There is a strong link between level of information, education and advocacy and health outcomes in a country.
It has been established through research that most of the diseases can be prevented by imparting accurate and relevant information and education to patients and health care providers. According to the WHO, majority of heart diseases, strokes, Type 2 diabetes and cancer cases could be prevented just by educating and informing people about healthy diet, physical activity/exercise and not using tobacco.
Over one million lives per year could be saved by promoting breast feeding until at least two years and a bulk of under-five deaths could be avoided by educating parents about importance of nutrition and efficient use of their food money which they sometimes spend on sweets for their children to give them as treat.
Globally, adverse drug reactions and irrational use of medicines are among the leading causes of death in many countries. It is estimated that half of all medicines are inappropriately prescribed, dispensed or sold, and that half of all patients fail to take their medicine properly. This problem is particularly serious in developing countries, including many OIC member countries, where less than 40% of patients in the public sector and 30% in the private sector are treated according to clinical guidelines (WHO, May 2010).
The information needs of patients can be met by the pharmacist through participatory education to groups of patients about drug safety, and appropriate use; whereas health workers can be provided with professional training to update their information about diagnose and medication practices.
Like their developing counterparts, many OIC member countries are suffering from the poor level of health information and education.
The situation is particularly critical in low income countries of Asia and Sub-Saharan Africa region. Over the years, immunization campaigns in some member countries have not been effective mainly due to the controversies related with the safety and religious permissibility of the vaccines.
Authorities in member countries like Nigeria and Pakistan have often reported the opposition of religious and political groups to carry out national polio vaccination campaigns. To overcome this problem, the OIC GS secured a religious injunction from the Islamic Fiqh Academy which issued a fatwa to encourage the Muslims to participate and support the national polio vaccination campaigns.
Quoting extensively from the Qur’an, the fatwa lays out the duty to protect children when disease is preventable. Thus, the fatwa addresses the critical need to raise awareness in Muslim communities about the benefits of polio immunization campaigns.
However, there is a strong need for similar fatwas to support all kinds of immunization campaigns in OIC member countries.
In general, family planning related measures have also been less effective mainly due to the lack of information and education of health workers as well as the target groups. Based on the research conducted by various national and international health agencies, lack of knowledge, access problems and side-effect fears were the major limiting factors for the use of family planning measures in many OIC member countries.
Not only a majority of population generally lacks the basic knowledge about these measures but also many have misleading information. For example, many people believe that use of contraceptives is not permissible in Islam, whereas others believe that it is unhealthy and can affect the fertility and hence those who are using contraceptives will not be able to bear children later on.

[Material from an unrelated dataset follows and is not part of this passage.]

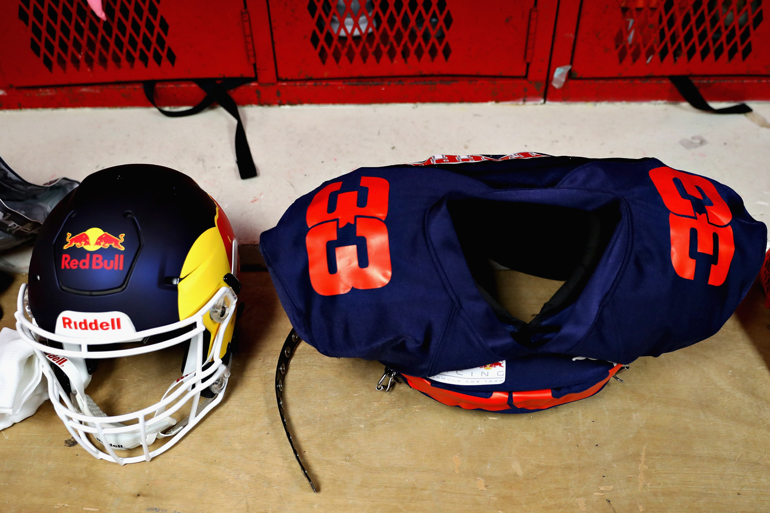 Az F1-es követelményeknek megfelelő sovány, szálkás alkatú Daniel Ricciardón és Max Verstappenen ugyan furán festett az amerikaifocis felszerelés, de szemmel láthatóan nagyon élvezték az élményt.

The problems related with lack of knowledge and access could be addressed by increasing the community-wide awareness about the family planning especially through the involvement of local religious leaders and ensuring the availability of contraceptives in a locality. The community awareness campaigns should particular focus on the contraceptive usage to help address negative perceptions about it.
Another major challenge in OIC member countries is the information and education deficiencies of health workers. Like their counter parts in many other developing countries, health care providers in OIC member countries continued to lack basic, practical information and expertise to enable them to deliver safe and effective health care.
This lack of knowledge about the basics on how to diagnose and manage common diseases, lead to ineffective and dangerous health care practices which are resulting into the failure of even the most modern medicines and causing many avoidable deaths. Irrespective of the level of economic development and progress, according to the findings of some investigative studies (Neil & Frederick, 2009), there is a considerable knowledge and awareness gap both among health care providers and patients in many OIC member countries.
The challenges in the area of medical and nursing education are more or less common to all OIC member countries. Despite progress made in updating medical and nursing curricula in selected institutions, the majority of schools still follow traditional programmes which, by and large, have not evolved to become competency-based. Family medicine training programmes have been initiated in several countries, however their scope remains limited.
Underlying factors in the lack of progress in this area include: the lack of effective coordination between service providers including ministries of health and higher education institutions, the limited institutional capacity to provide large-scale training for family physicians, as well as for converting the existing cadre general practitioners to family physicians through customized programmes; and the inability to establish family medicine as an attractive career path for fresh graduates.
The key challenges to ensuring access to quality nursing education in the OIC countries pertain to inadequate investment and low priority given to nursing education; lack of capacity in nursing schools in terms of the availability of trainers as well as infrastructure; the need to further update nursing curricula in order to bridge the service-education gap; the limited institutional capacity to offer post-basic training programmes; and inadequate emphasis on continuous professional development programme.